In this project, I implemented a sliding window classifier using a histogram of gradients (HOG) feature representation. As a baseline, I trained an SVM on a moderate amount of positive examples and a large amount of negative examples. I then implemented hard negative mining to augment a small amount of negative examples with more difficult examples. Finally, I used a fully connected neural network instead of an SVM to get a nonlinear classifier from the HOG features.

Positive and negative features

For both positive and negative images, I run vl_hog. For the negative images, I extract random HOG patches. The code for both functions is shown below.
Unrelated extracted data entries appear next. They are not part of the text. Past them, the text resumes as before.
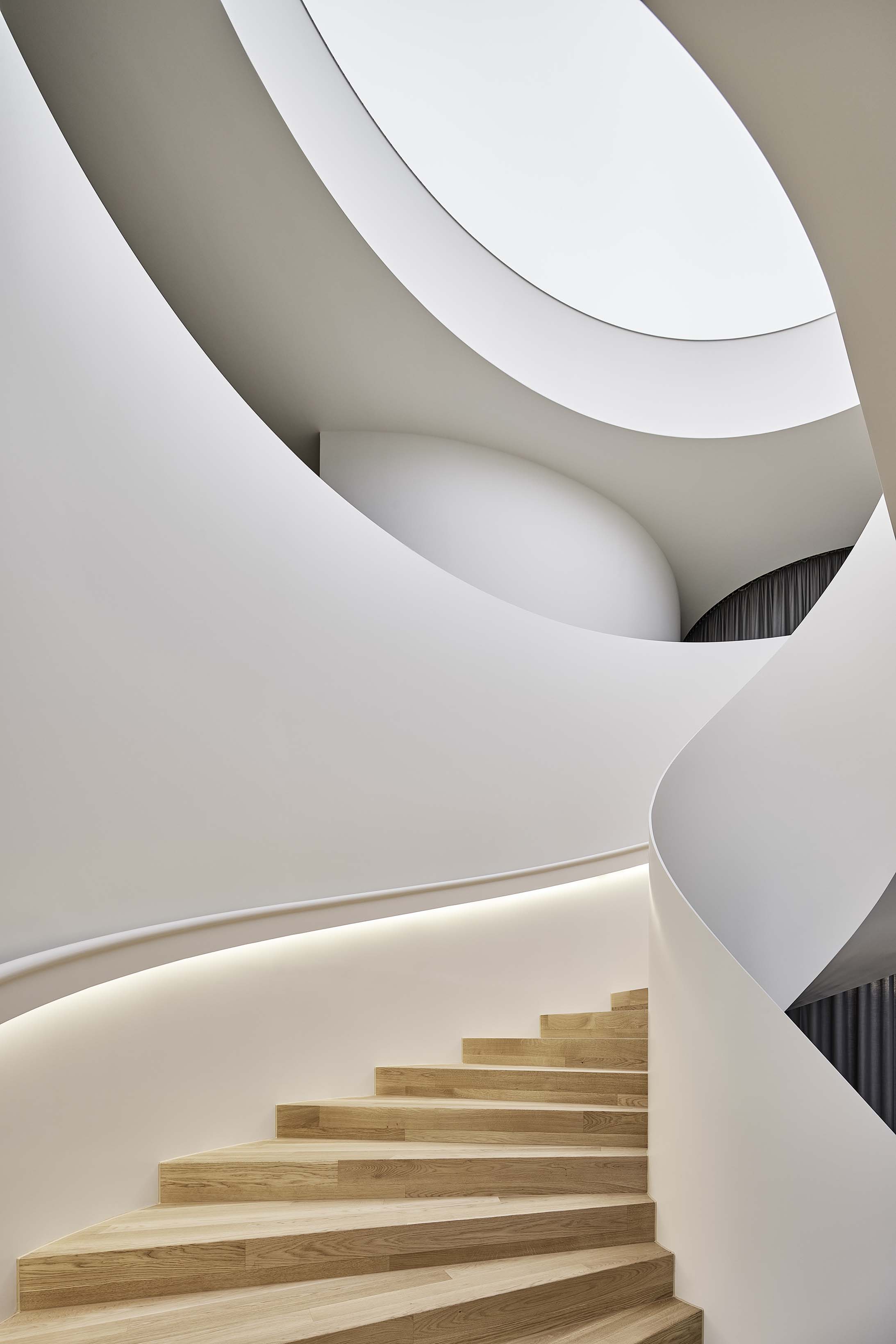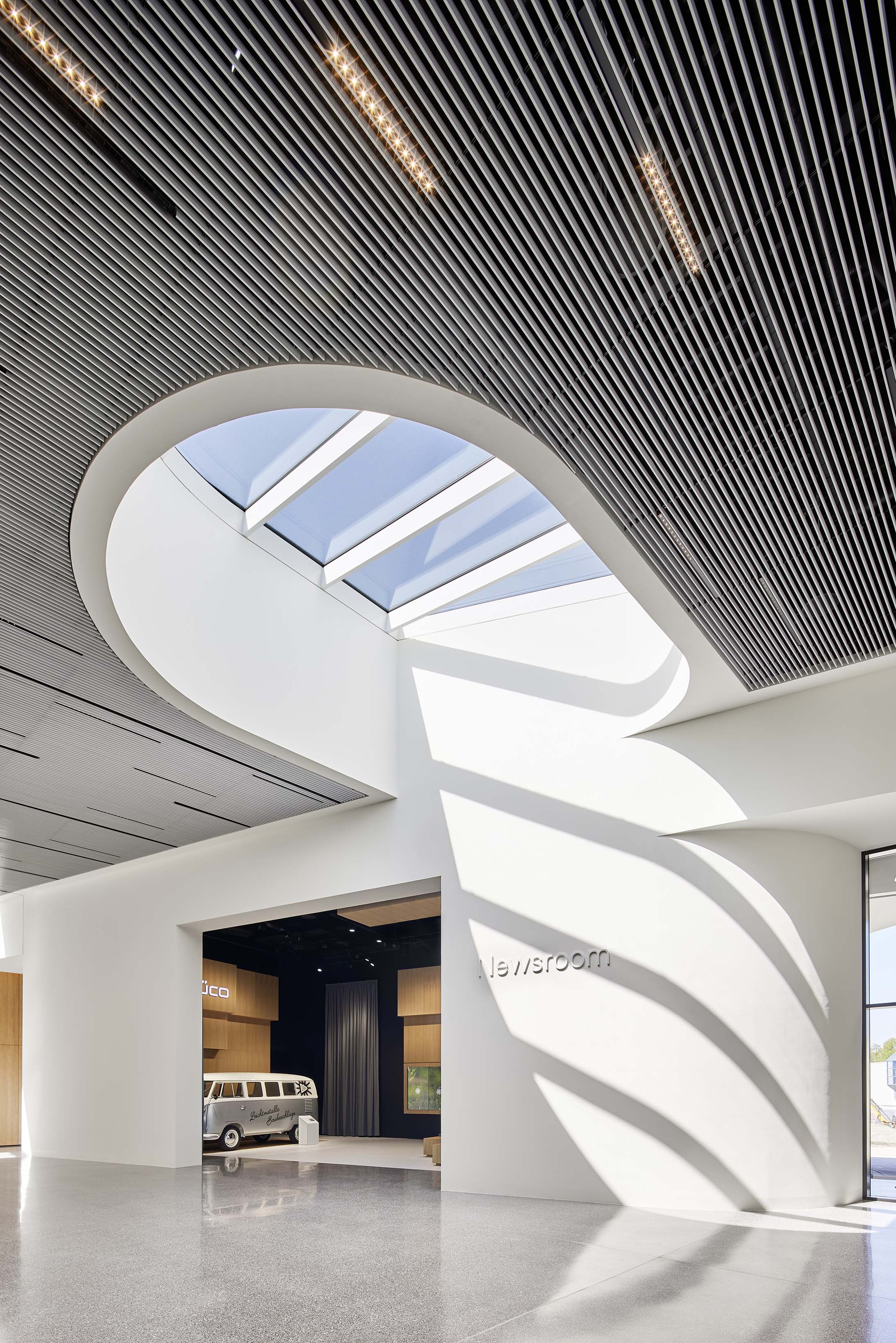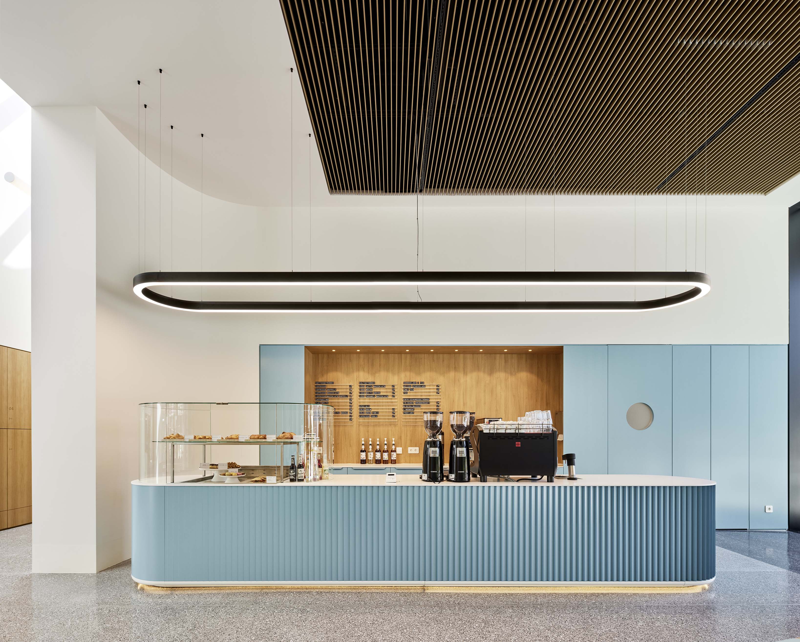 With the Welcome Forum, the Bielefeld based company Schüco has fundamentally redesigned its central showroom, which already existed on the campus there. For this purpose, two existing factory buildings were remodeled inside and out to offer a contemporary and appropriate corporate image. As the new “heart of Schüco”, the building serves as a central contact point for visitors and employees alike, providing exhibition rooms, areas for workshops and presentations, as well as a small café. The comparably unusual atmosphere of the interior arises from the spatial translation of a controlled, dynamised formal language that combines the curvilinear geometries of the contemporary digital architectural avant-garde with the orthogonal basic geometry of the existing buildings. On the basis of such a disciplined sculptural language of form, the Welcome Forum appears simultaneously exciting and sophisticated, but also appropriate, pragmatic and down-to-earth. Its interior shows carefully composed spatial sequences and visual connections that go beyond the pure interior space as they extend to the exterior of the building.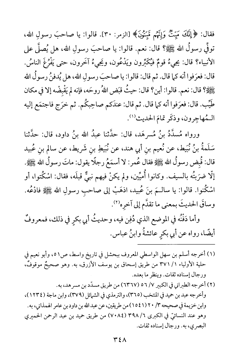ورواه مُسدَّدُ بنُ مُسرهَد، قال: حدَّثنا عبدُ الله بنُ داود، قال: حدَّثنا سَلَمةُ بنُ نُبَيط، عن نُعيم بنِ أبي هند، عن نُبَيطِ بنِ شَريط، عن سالم بنِ عُبيد قال: قُبِض رسولُ الله -صلى الله عليه وسلم- فقال عُمر: لا أسمَعُ رجلًا يقول: ماتَ رسولُ الله -صلى الله عليه وسلم-. إلّا ضرَبتُه بالسيف. وكانوا أُميِّين، ولم يكنْ فيهم نبيٌّ قبلَه، فقال: اسْكُتوا، أو اسْكُنوا. قالوا: يا سالمَ بنَ عُبيد، اذهَبْ إلى صاحبِ رسولِ الله -صلى الله عليه وسلم- فادْعُه. وساقَ الحديثَ بمعنى ما تقدَّم إلى آخرِه (¬٢).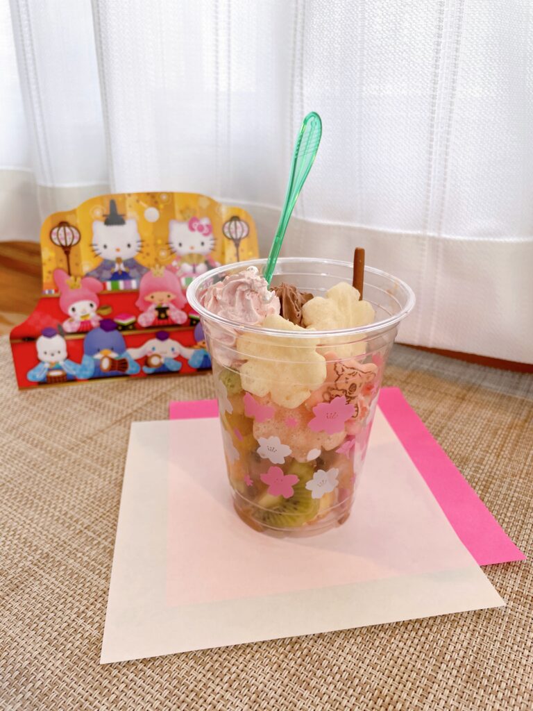 春らしい桜柄のカップを使って、オリジナルパフェ作りのスタートです❣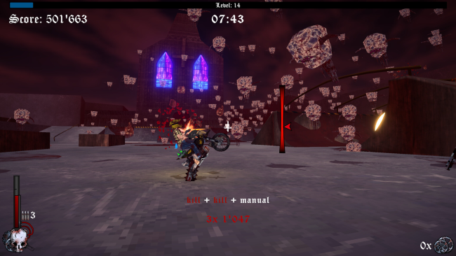- Combine your trick combo with kills to earn even more points. Once you land your combo, gain experience points as high as the combo score. Earn enough points and you’ll be given the choice of one of three random Demonic Offerings. These upgrades grant you more power to defeat the ever growing horde of grotesque monsters. So jump up in the air, slow down time and shoot these demonic abominations!
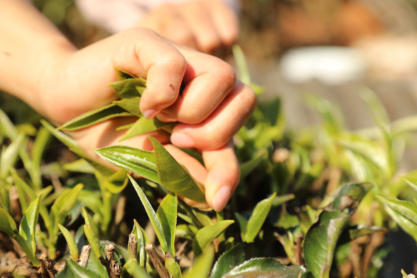 忙碌采摘著鮮嫩翠綠的茶芽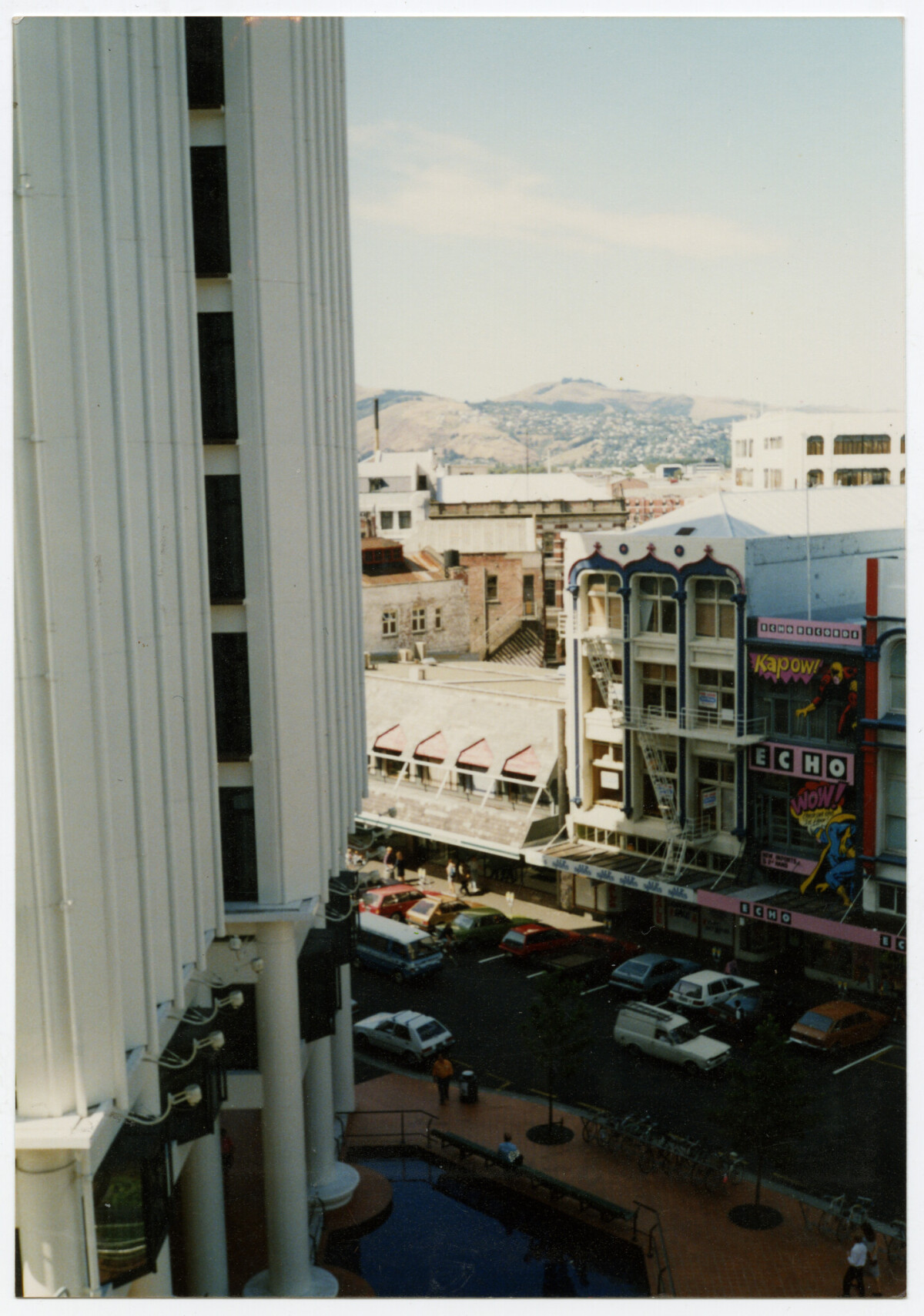 Buildings on High Street, looking southeast from Cashel Street car park. The United Bank building on the left, and Echo Records on right.

function features_pos = get_positive_features(train_path_pos, feature_params)

image_files = dir( fullfile( train_path_pos, '*.jpg') ); %Caltech Faces stored as .jpg
num_images = length(image_files);

template_size = feature_params.template_size;
hog_cell_size = feature_params.hog_cell_size;

feature_dim = (template_size / hog_cell_size)^2 * 31;

features_pos = zeros(num_images, feature_dim);
for i = 1:num_images
    file_path = fullfile(train_path_pos, image_files(i).name);
    img = single(imresize(imread(file_path), [template_size, template_size]))/255;
    
    hog = vl_hog(img, hog_cell_size);
    features_pos(i,:) = hog(:);
end

function features_neg = get_random_negative_features(non_face_scn_path, feature_params, num_samples)

image_files = dir( fullfile( non_face_scn_path, '*.jpg' ));
num_images = length(image_files);

template_size = feature_params.template_size;
hog_cell_size = feature_params.hog_cell_size;

feature_dim = (template_size / hog_cell_size)^2 * 31;
features_neg = zeros(num_samples, feature_dim);

for i = 1:num_samples
    file_path = fullfile(non_face_scn_path, image_files(randi(num_images)).name);
    img = single(rgb2gray(imread(file_path)))/255;
    [rows, cols, ~] = size(img);
    row_end = rows - template_size + 1;
    col_end = cols - template_size + 1;
    
    sampled_rows = randi(row_end) + (0:template_size-1);
    sampled_cols = randi(col_end) + (0:template_size-1);
    
    img_patch = img(sampled_rows, sampled_cols, :);
    hog = vl_hog(img_patch, hog_cell_size);
    features_neg(i,:) = hog(:);
end

end

Training SVM

Given the positive and negative features, I then train the SVM detector.


function [svm_fn, w, b] = train_svm(features_pos, features_neg, lambda)

if nargin == 2
    lambda = 1e-4;
end

features = [features_pos; features_neg]';

num_positive = size(features_pos, 1);
num_negative = size(features_neg, 1);
labels = [ones(num_positive, 1); -ones(num_negative, 1)];

[w, b] = vl_svmtrain(features, labels, lambda);
svm_fn = @(features) features*w + b;

end

Running detector

For each test image, I loop over different scales, resizing the image to each scale. For each scaled image, I compute the HOG features and run the detector on it. For each confidence above a certain threshold, I put a bounding box on the corresponding feature. I then run non_max_supr_bbox to remove overlapping bounding boxes. The code is shown below.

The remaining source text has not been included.